The methods used to discover these RNA structure in influenza A were based on RNA folding thermodynamics. An analysis of the stabilities of influenza A RNA uncovered some very interesting trends. In influenza A folding thermodynamics strongly favored structure in the (+) sense coding RNA, the (-) sense genomic RNA was found to be much less stable. Structure was globally conserved in four of the eight viral RNAs. Finally, the stability of structure was strongly dependent on the host-species specificity of the viral strain: e.g. avian strains were most stable, human strains were least stable, while swine fell in between. (“Influenza A Virus Coding Regions Exhibit Host-Specific Global Ordered RNA Structure.” Priore, S.F., Moss, W.N., and Turner, D.H., PLoS ONE 7(4): e35989).
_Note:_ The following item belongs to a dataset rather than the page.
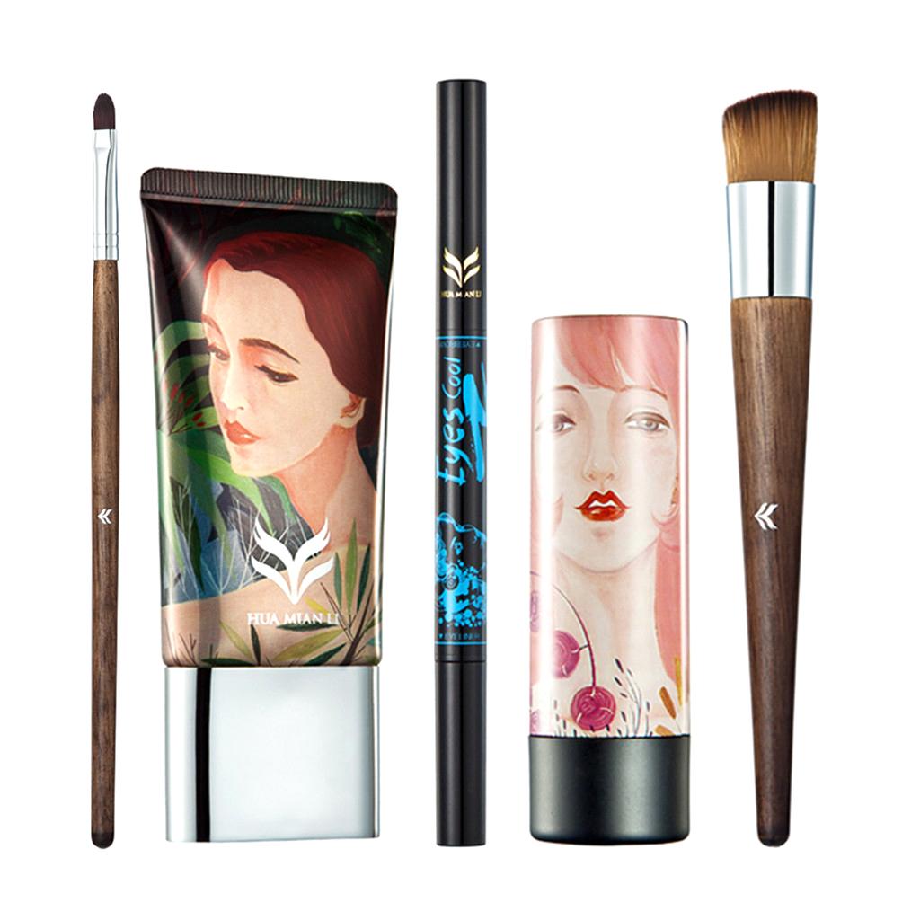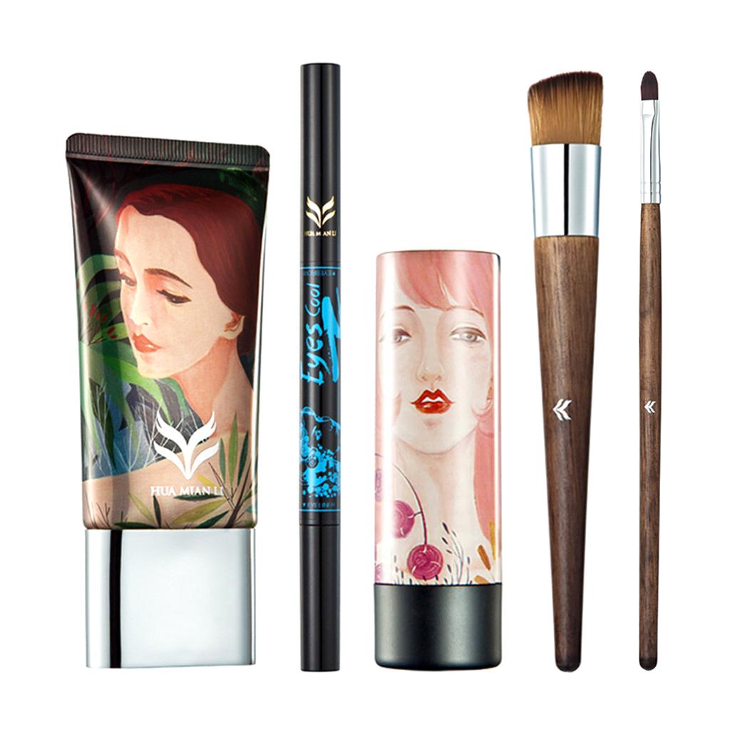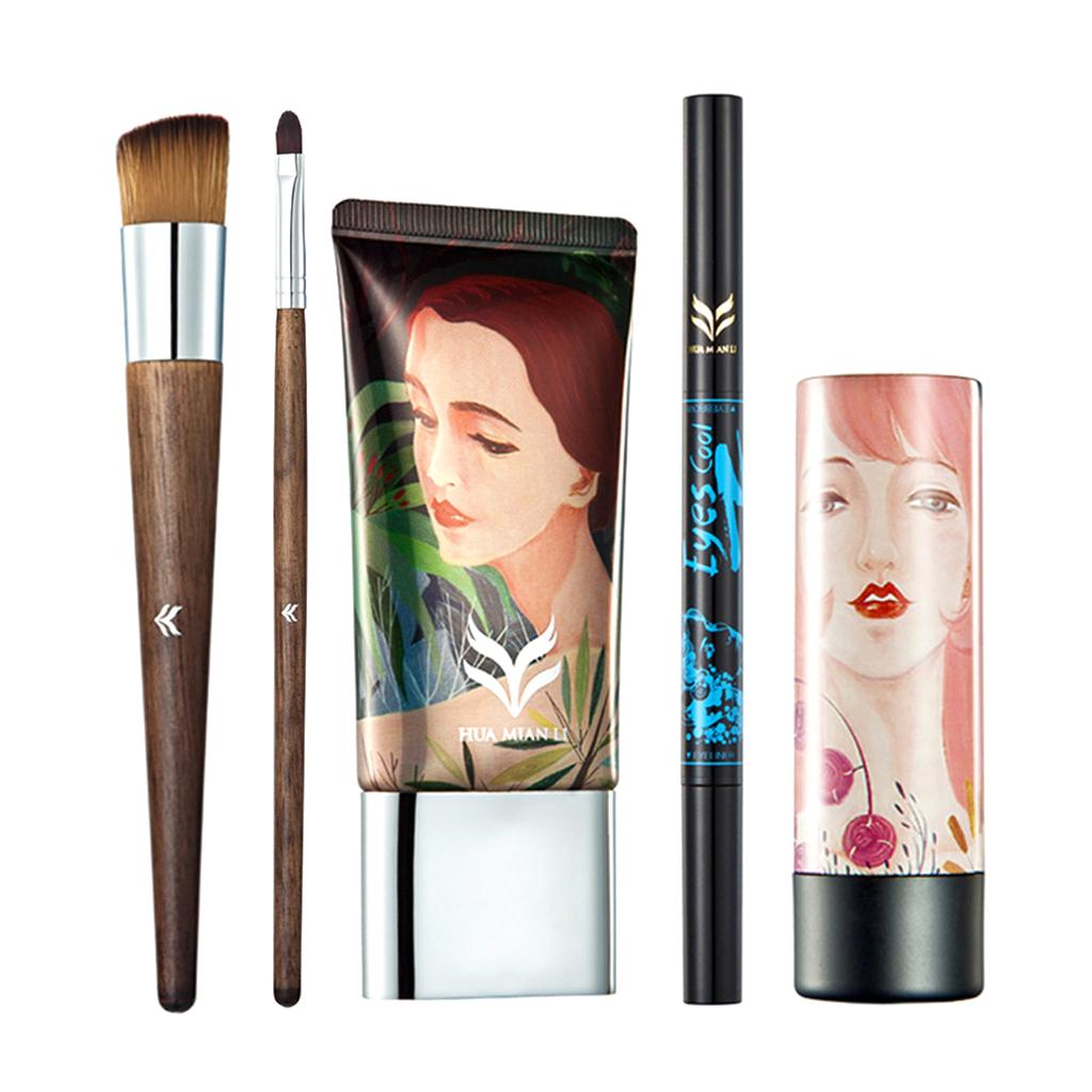 Lot 5 Pcs Cosmetic Set Liquid Foundation Double Head Eyeliner Eyebrow Pen Shimmer Lipstick Makeup Brushes Kit

Interestingly, the replication temperatures in each host are 41, 37, and 33°C for avian, swine and human, respectively. This finding may facilitate the rational attenuation of viral strains for the production of vaccine; this my be accomplished by altering RNA structural stability.
The R2 Retrotransposon
The R2 retrotransposon is an RNA transposon found throughout insect species. It site specifically inserts its genome into host 28S rDNA loci. The methods of genome insertion, known as target primed reverse transcription, was first discovered in the R2 from the silk moth Bombyx mori. Durning this process a copy of the R2 encoded protein binds towards the 5′ end and mediates the insertion process.
RNA structure was analyzed in the 5′ R2 RNA protein binging site (for the encoded R2 protein). Unlike influenza virus, where there are thousands of sequences, there are only five available R2 sequences and incorporating experimental data was vitally important (“Secondary Structures for 5′ Regions of R2 Retrotransposon RNAs Reveal a Novel Conserved Pseudoknot and Regions that Evolve under Different Constraints,” Kierzek, E., Christensen, S.M., Eickbush, T.H., Kierzek, R., Turner, D.H., and Moss, W.N., J Mol Biol. (2009), 390,428-42.). In the R2 study, traditional techniques of biochemical structure probing were combined with a new method of interrogating structure via microarray technology and were applied towards the modeling. Interestingly, there were no conserved start codons in these sequences, and the regions where protein coding begins to be conserved occurs after the uncapped 5′ end of the R2 RNA and numerous non-productive start and stop codons. The R2 structured region occurs at this transition point (from RNA only to protein coding only) and includes an interesting pseudoknot fold, which may be used in non-canonocal translation initiation. The structural information derived from this study was made available to the scientific community and the public at large by creating an entry in the Rfam database that was also tied-in to a Wikipedia page (“The R2 Retrotransposon RNA Families,” Moss, W.N., Eickbush, D.G., Lopez, M.J., Eickbush, T.H., and D. H. Turner, D.H. RNA Biology (2011), 8, 714-718).